Tag Archives: Yoga

October 7, 2024

WHAT ARE THE BENEFITS OF YIN YOGA?

Yin yoga is a slow-paced practice focusing on deep stretches and meditation, offering numerous benefits for both the body and mind. One of the primary advantages is it’s ability to enhance flexibility and joint mobility. By holding poses for extended periods, typically three to five minutes, yin yoga targets the connective tissues—ligaments, tendons, and fascia—promoting greater elasticity and range of motion.

In addition, yin yoga supports stress relief and mental clarity. The meditative nature of the practice encourages mindfulness and a deeper connection to the present moment, reducing anxiety and promoting a sense of calm. This mental stillness can lead to improved focus and emotional balance in daily life.

Yin yoga also complements more dynamic forms of exercise. While activities like running or weightlifting primarily engage the muscles, yin yoga works on the deeper tissues, aiding in recovery and injury prevention. The long holds help release tension stored in the body which can enhance overall performance in more vigorous physical activities.

Lastly, yin yoga can improve circulation and energy flow. By stimulating the meridian pathways in the body, it aligns with principles of traditional Chinese medicine, potentially enhancing organ health and vitality. Overall, yin yoga offers a holistic approach to wellness, benefiting both the physical and mental aspects of health.

October 4, 2019

THE STRESS EFFECT.

It’s no secret that stress is bad for your health. Long-term exposure to anxiety is linked to increased risk of heart attack, stroke and other conditions.

But new research shows negative emotions may alter your bodies immune response, leading to increased inflammation.

The results showed that those who experienced negative moods several times a day, for extended periods of time, tended to have higher levels of inflammation in their blood. 

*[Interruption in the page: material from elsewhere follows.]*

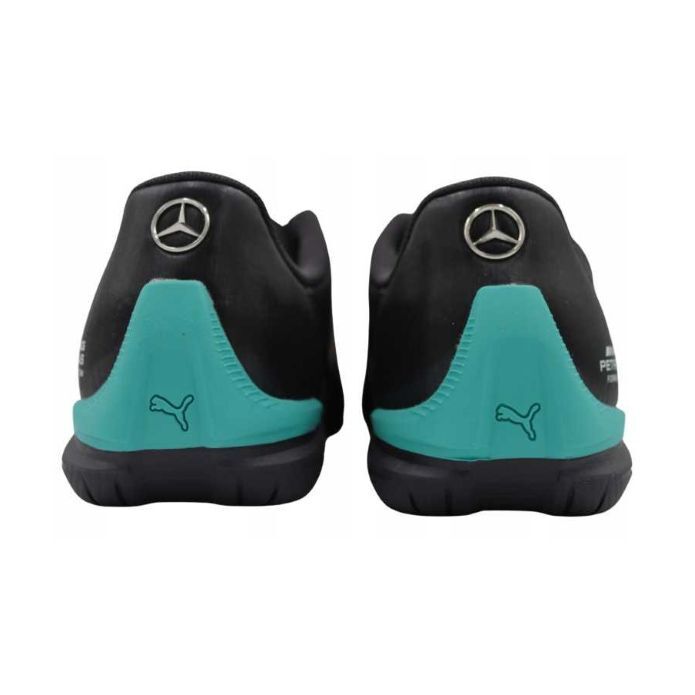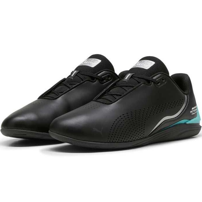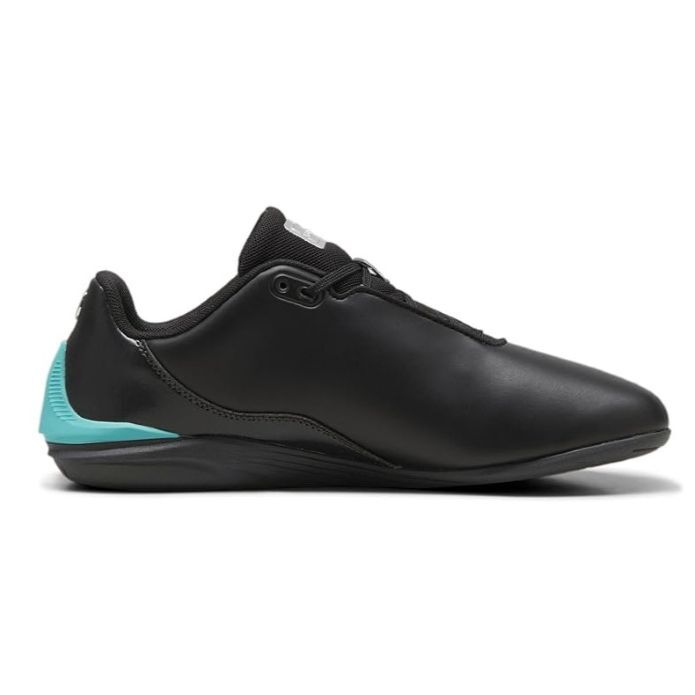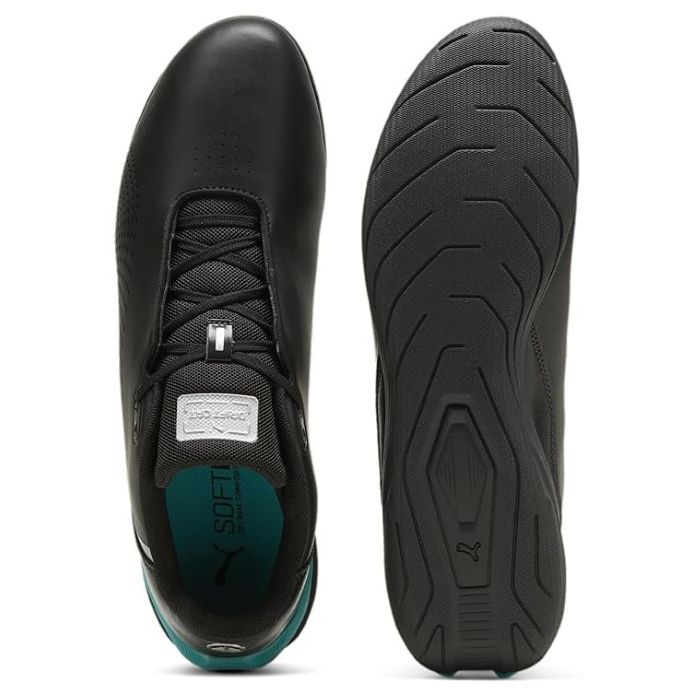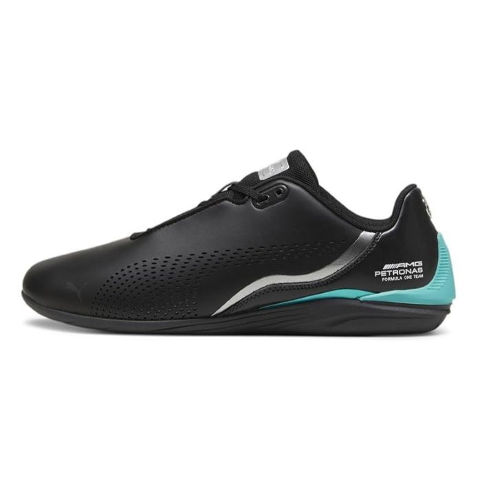 すっきりと洗練されたシルエット、メルセデスAMGペトロナスのブランディングロゴが目を引く一足。
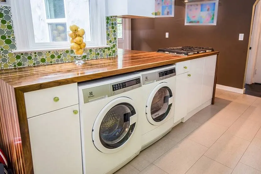 Интересный вариант – установка стиральной машины на кухне под столешницей без дверцы. Ее ставят рядом с гарнитуром, накрывают сверху столешницей, которую прикрепляют к стенке. Сбоку аппарат будет видно, а верхняя поверхность станет еще одним рабочим столом кухни. Чтобы технику не было видно, можно закрыть шторкой или украсить виниловой наклейкой. Особенно удобно такое расположение при возникновении неисправности, прибор легко отодвинуть и задвинуть на место.

It is hoped that further research may lead to psychosocial interventions to break the cycle that can lead to chronic inflammation and disease.

Meanwhile, hit that yoga class or meditation session.

November 3, 2017

JUST BREATHE.

Breathing techniques can help calm your nervous system and reduce muscular tension.

One key principle is to prolong your out breath, which helps to calm the body.

Try this technique:

1. Breath in through the nose, for a count of four

2. Pause for a count of one

3. Breath out slowly for a count of six.

October 2, 2015

EXERCISE OF THE MONTH: OCTOBER.

Pilates

BIRD DOG

Benefits:
This move strengthens and tones the stomach, sides of the stomach, hips and back. The emphasis on balance and alignment also helps with posture.

How to do it:

  • From all fours, reach your left arm forward at ear level and extend your right leg straight back at hip height. Imagine you are balancing a cup on your lower back and another on your upper back between your shoulder blades.
  • Brace your core and hold this position for 30-60 seconds. Make sure you’re not holding your breath. Carefully return your arm and leg to the floor. Repeat on the opposite side.
November 14, 2014

YOGA FOR RUNNERS: DOWNWARD-FACING DOG.

Mediation

Everyone knows Yoga is a great stress buster. But it also packs serious perks for runners, like improving flexibility, easing aches and pains, and helping you recover from long runs and races faster.

The Downward-Facing Dog pose will help you to stay strong and balanced while you train.

Instructions: Start on hands and knees. Place your palms a handprint’s distance in front of your shoulders. Tuck your toes under and lift knees off floor.

Pull your hips up and back away from your hands. Keep knees bent and focus on lengthening your torso – press down into your hands, pull up on your arms – then shift your weight onto your legs.

Without losing that sense of direction or length in your torso, begin to lift thighs up as you reach your heels back and down, which will straighten your knees.

Engage your quads by pulling your kneecaps up. Hold for five to 10 breaths. Lightly lower both knees back to floor.

Benefits: Down Dog stretches the hamstrings and calves, and creates length in the spine.